STUDY MATERIAL =
■ ■ ■ ■ ■
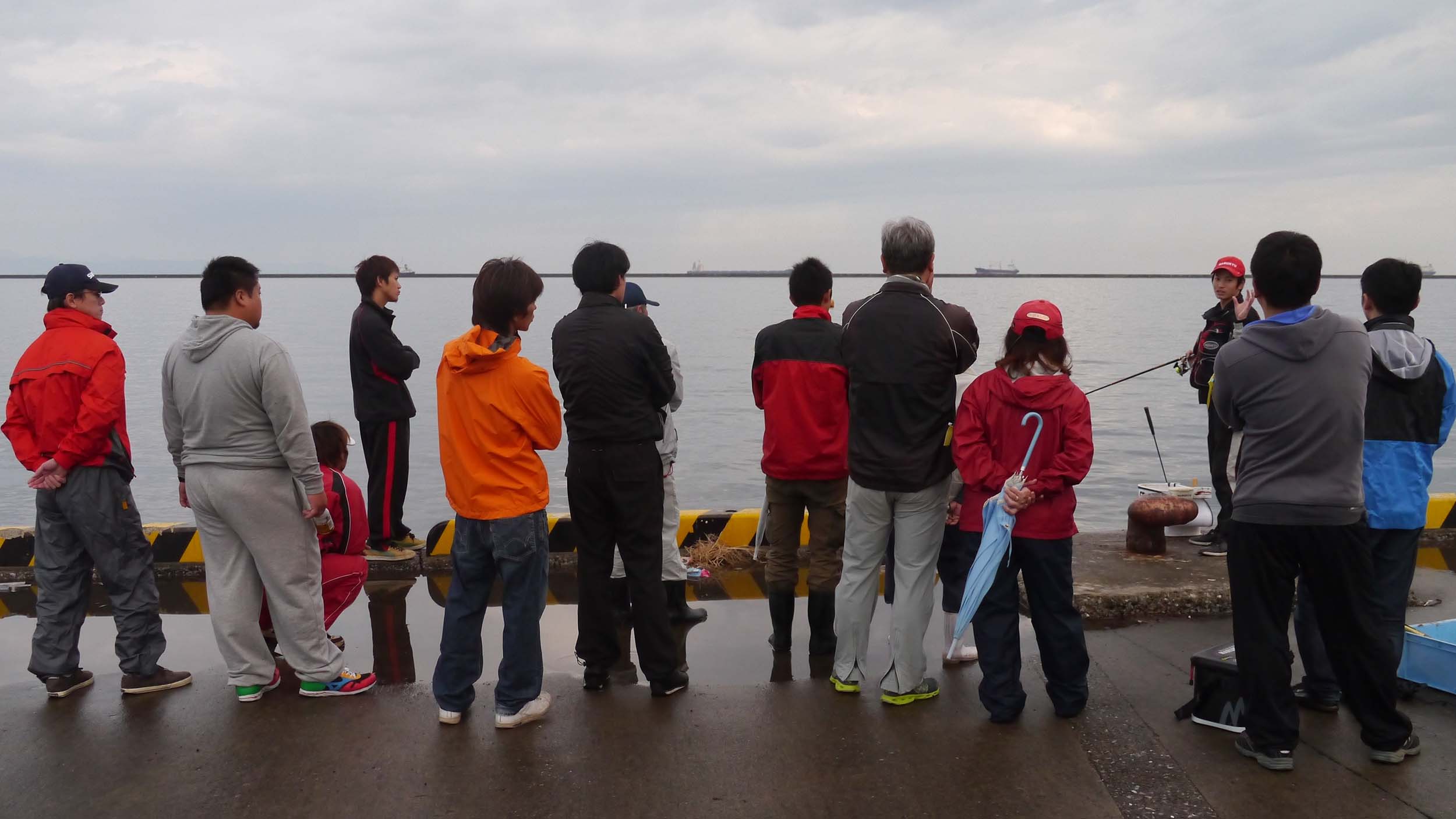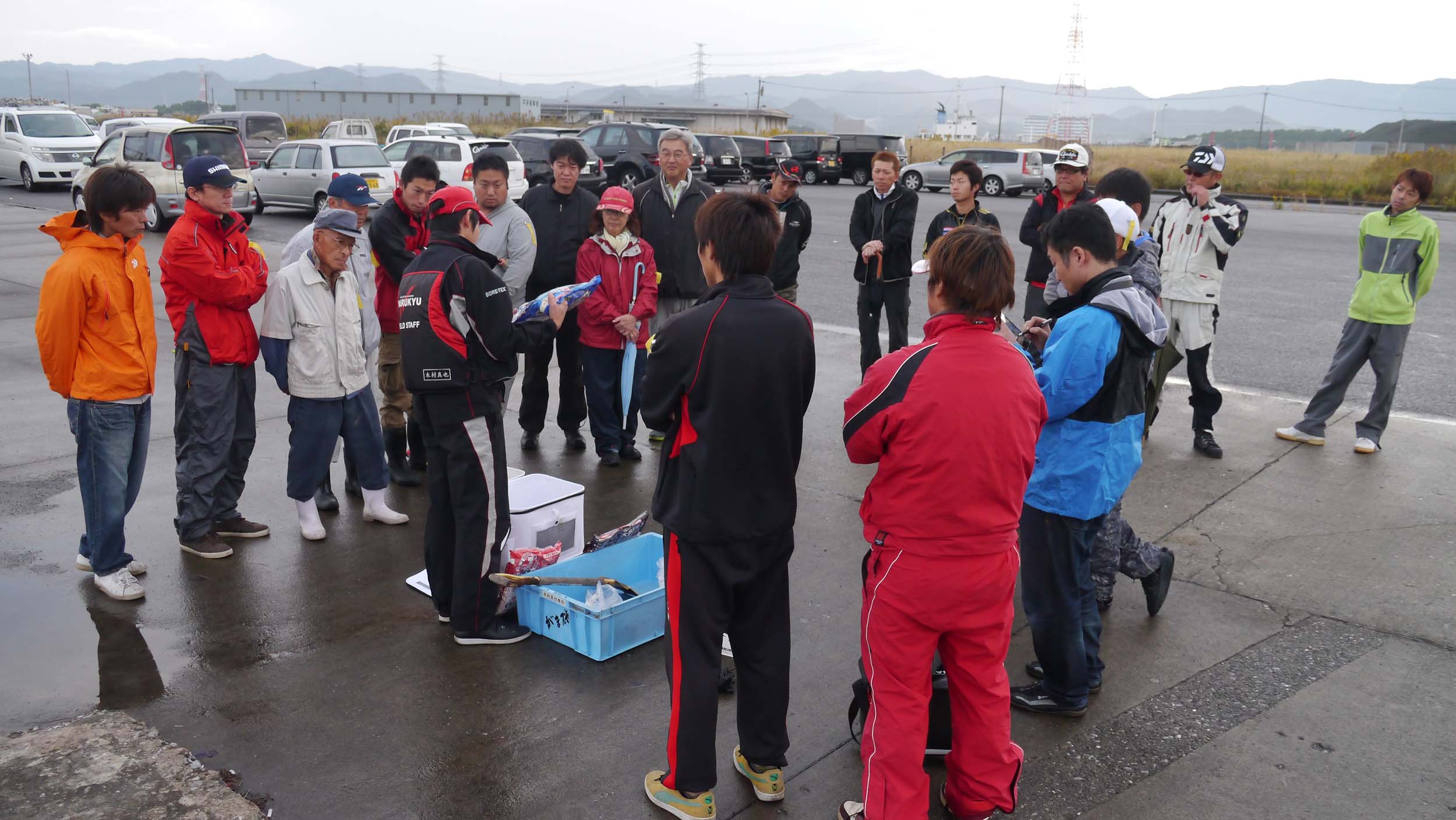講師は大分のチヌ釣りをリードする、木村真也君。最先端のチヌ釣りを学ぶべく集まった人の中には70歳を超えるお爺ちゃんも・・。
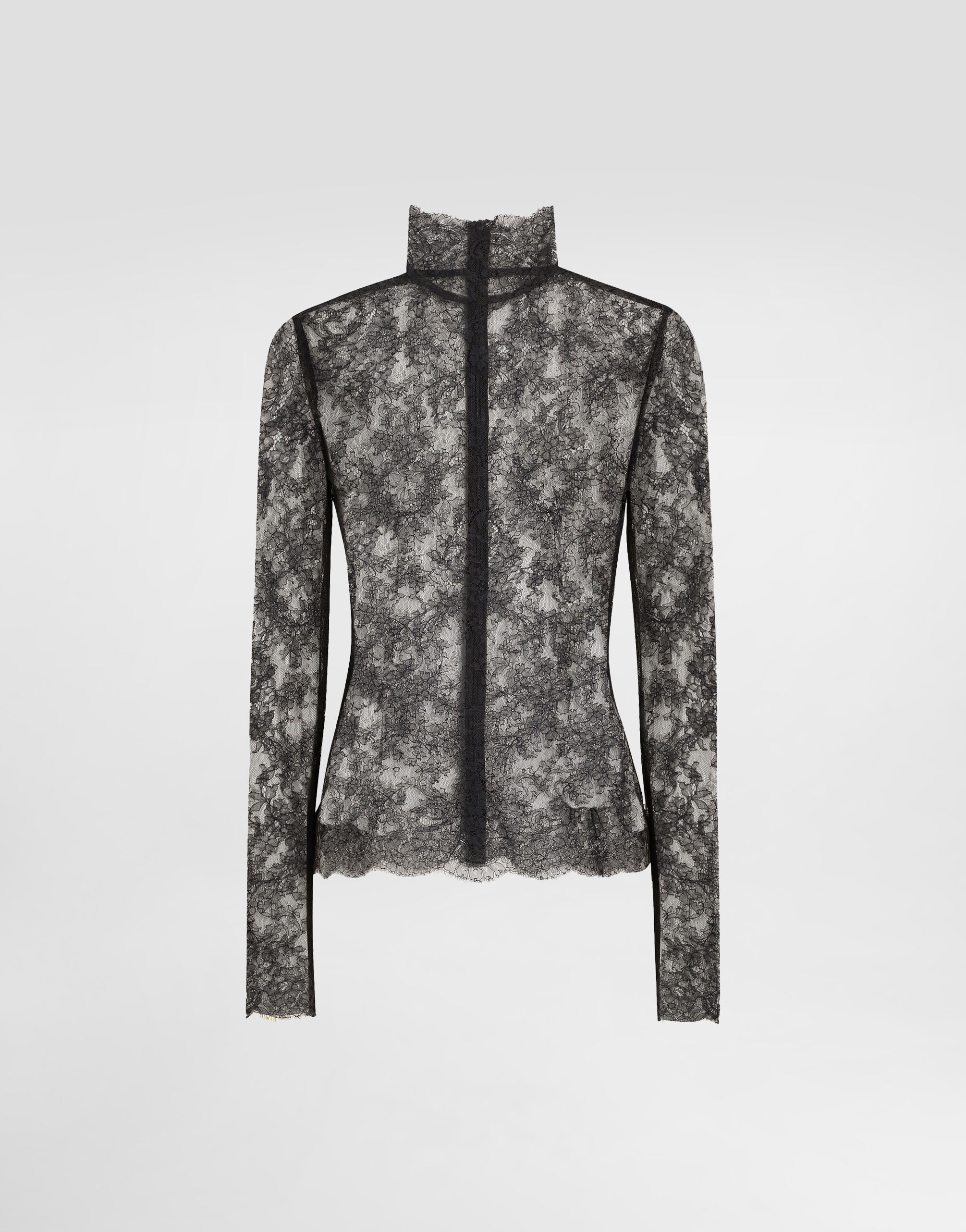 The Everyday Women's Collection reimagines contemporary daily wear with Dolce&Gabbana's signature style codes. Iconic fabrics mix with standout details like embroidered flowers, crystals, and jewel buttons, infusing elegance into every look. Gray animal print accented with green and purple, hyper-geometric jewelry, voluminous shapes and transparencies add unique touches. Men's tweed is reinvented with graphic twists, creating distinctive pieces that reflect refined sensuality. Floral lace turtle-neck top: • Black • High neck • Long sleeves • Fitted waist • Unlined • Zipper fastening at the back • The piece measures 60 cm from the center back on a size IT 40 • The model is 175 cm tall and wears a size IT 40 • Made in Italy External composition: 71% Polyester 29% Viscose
■ ■ ■ ■ ■
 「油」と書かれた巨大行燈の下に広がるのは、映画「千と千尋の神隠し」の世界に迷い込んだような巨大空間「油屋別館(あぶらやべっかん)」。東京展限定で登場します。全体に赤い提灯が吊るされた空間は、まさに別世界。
■ ■ ■ ■ ■
PROBLEM TO SOLVE = Reproduce, word for word, everything in the listing above from the line containing "講師は大分のチヌ釣りをリード" down to the line containing "The Everyday Women's", both of them included. No pictures.

YOUR RESPONSE =
講師は大分のチヌ釣りをリードする、木村真也君。最先端のチヌ釣りを学ぶべく集まった人の中には70歳を超えるお爺ちゃんも・・。
 The Everyday Women's Collection reimagines contemporary daily wear with Dolce&Gabbana's signature style codes. Iconic fabrics mix with standout details like embroidered flowers, crystals, and jewel buttons, infusing elegance into every look. Gray animal print accented with green and purple, hyper-geometric jewelry, voluminous shapes and transparencies add unique touches. Men's tweed is reinvented with graphic twists, creating distinctive pieces that reflect refined sensuality. Floral lace turtle-neck top: • Black • High neck • Long sleeves • Fitted waist • Unlined • Zipper fastening at the back • The piece measures 60 cm from the center back on a size IT 40 • The model is 175 cm tall and wears a size IT 40 • Made in Italy External composition: 71% Polyester 29% Viscose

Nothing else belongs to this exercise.